The SEEC Climate Jobs Task Force advocates for pro-worker, pro-climate policies and seeks to promote collaboration between labor and environmental groups.

The full text of the letter can be found here and below:

Dear Secretary Granholm,

As members of the House Sustainable Energy and Environment Coalition (SEEC) Climate Jobs Task Force, we thank you for your work to expedite the clean energy transition while creating good-paying jobs. We are encouraged to see the series of public meetings held by the 21st Century Energy Workforce Advisory Board (EWAB), which was established by Section 40211 of the Infrastructure Investment and Jobs Act (Public Law No: 117-58). As the EWAB continues to meet and develops a report with actionable recommendations, we write to uplift the following issues that impact our constituents.

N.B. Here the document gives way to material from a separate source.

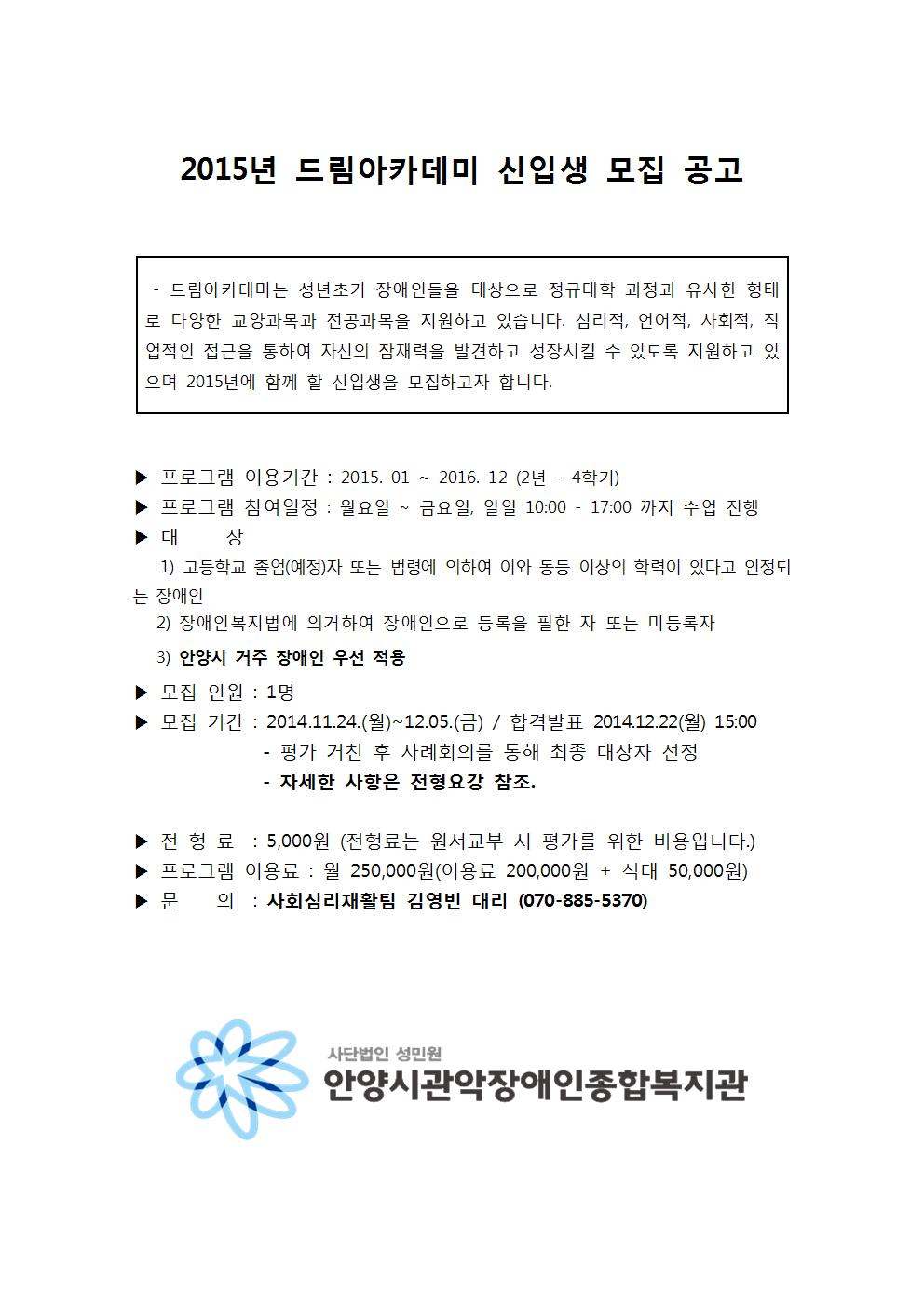 2015년 드림아카데미 신입생 모집 공고 > 공지사항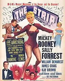 The Strip is a 1951 American crime film noir directed by László Kardos and starring Mickey Rooney, Sally Forrest and William Demarest. Much of the picture was shot on location in and around the Sunset Strip. Interiors were shot at the popular nightclubs Mocambo and Ciro's and at the restaurants Little Hungary and Stripps.[2] A large part of the film's running time consists of musical performances by the "house band," which includes Louis Armstrong, Jack Teagarden, and Earl "Fatha" Hines (all playing themselves). and by performers at other clubs, such as Vic Damone.

In the EWAB’s first meeting on September 18, 2023, the question was raised of how to prioritize workforce strategies that serve underrepresented groups. We applaud the discussion of the need for apprenticeship and workforce development opportunities for underrepresented populations, including efforts to incorporate traditional knowledge and increase capacity building within Tribes. Furthermore, we appreciate recognition of the importance of supporting early-career scientists and engineers and building capacity at Minority Serving Institutions. Historically, communities of color have been the last to benefit from federal investments and Black workers are vastly underrepresented in the clean energy workforce. In keeping with the Biden-Harris Administration’s Justice40 goals, we encourage the EWAB to provide recommendations to ensure that training and workforce development benefits flow equitably to disadvantaged communities.

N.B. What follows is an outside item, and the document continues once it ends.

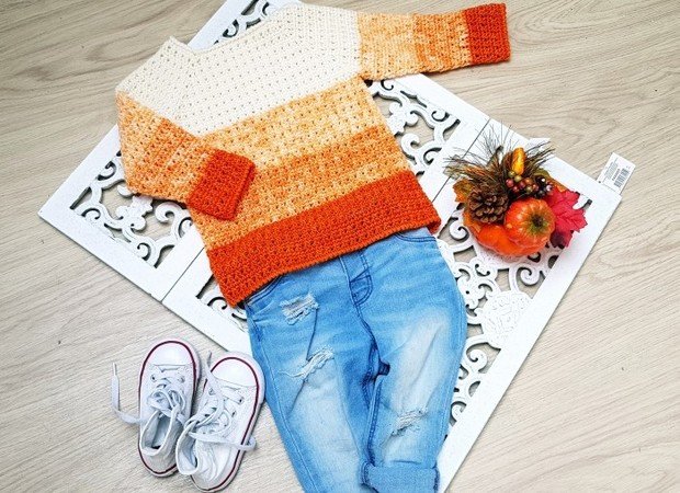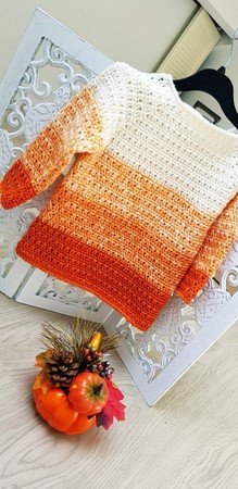 The Pumpkin Sweater is worked from top to bottom in Merino wool. This pattern is for sizes from 6 months up to 4-5 years and is written in US terms.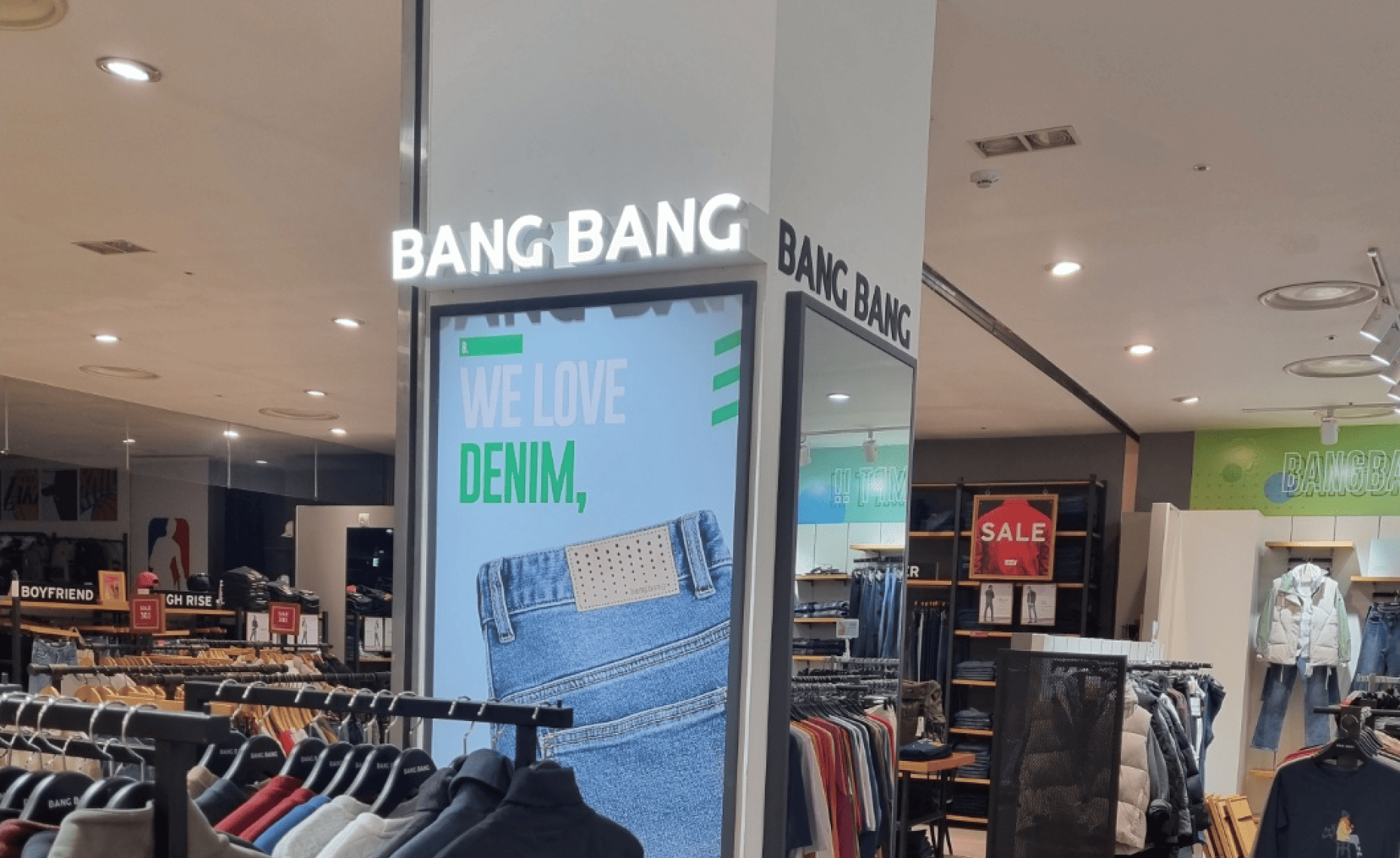 오늘은 캐주얼 패션 브랜드 뱅뱅(BANG BANG) 매장의 간판 시공 사례를 소개합니다.

We consistently hear from families in our districts about problems accessing affordable child care, transportation, and housing and know that these challenges can be prohibitive to workforce participation, particularly when training or retraining is required. The lack of access to child care particularly affects women workers who already only make up 26 percent of the energy workforce. Thus, we were glad to see wraparound services included within the scope of the EWAB Subcommittee on Combating Barriers to Energy Employment. Moving forward, we urge the EWAB to develop robust recommendations on ways in which the Department of Energy and partner agencies can provide comprehensive support to enable workers from all backgrounds to participate in the clean energy economy.

Furthermore, we hope to see the EWAB continue to address worker retraining and technical development in the clean energy sector, particularly in energy communities and communities impacted by industrial sector closures, relocations, and large scale layoffs. Ensuring that the workforce has accessible training and development opportunities will help level the playing field for workers and continue to grow our capacity to build and maintain a robust domestic clean energy supply chain. Additionally, as investments from the Inflation Reduction Act continue to drive the transition to a clean energy economy, we urge the EWAB to support prevailing wage standards for all clean energy projects to provide opportunities for workers from all backgrounds to enter the clean energy workforce.

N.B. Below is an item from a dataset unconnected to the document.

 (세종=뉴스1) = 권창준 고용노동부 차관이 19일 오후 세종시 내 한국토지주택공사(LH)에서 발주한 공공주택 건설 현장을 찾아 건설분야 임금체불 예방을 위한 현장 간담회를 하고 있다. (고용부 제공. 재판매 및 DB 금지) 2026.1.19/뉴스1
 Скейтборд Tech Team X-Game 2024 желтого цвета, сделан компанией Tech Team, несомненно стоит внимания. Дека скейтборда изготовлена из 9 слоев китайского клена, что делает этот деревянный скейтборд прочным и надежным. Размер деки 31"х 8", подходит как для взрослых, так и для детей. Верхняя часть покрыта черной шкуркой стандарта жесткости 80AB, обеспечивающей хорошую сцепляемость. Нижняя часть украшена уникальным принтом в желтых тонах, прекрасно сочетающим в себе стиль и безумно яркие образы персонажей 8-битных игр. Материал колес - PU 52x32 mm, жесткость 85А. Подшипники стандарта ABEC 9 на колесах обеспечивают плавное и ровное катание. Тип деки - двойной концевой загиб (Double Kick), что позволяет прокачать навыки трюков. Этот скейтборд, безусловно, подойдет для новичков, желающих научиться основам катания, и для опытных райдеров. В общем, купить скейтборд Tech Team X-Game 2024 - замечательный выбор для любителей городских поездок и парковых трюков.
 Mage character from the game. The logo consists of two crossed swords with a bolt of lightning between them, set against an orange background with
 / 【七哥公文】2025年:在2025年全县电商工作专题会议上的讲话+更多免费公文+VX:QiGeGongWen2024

Lastly, we request that you not only consult with the Department of Labor (DOL), as is required under Section 40211 of the Infrastructure Investment and Jobs Act, but work closely with DOL to identify the skills necessary for the energy sectors most in need of training. DOL is the principal U.S. agency charged with ensuring our economy has a skilled workforce and has decades of experience working with businesses, training providers, and local communities to carry out this mission. DOL led the Good Jobs Initiative and identified the key principles that make up high quality careers, such as family sustainable wages, worker empowerment, and access to benefits. DOL also oversees the Workforce Innovation and Opportunity Act, which is the backbone of our country’s workforce system. Working with DOL will help to ensure that the 21st century energy workforce will not only sustain a clean energy economy, but a robust middle class.

Thank you for your dedication to these issues. We look forward to continuing to partner with you to support job creation during the clean energy transition.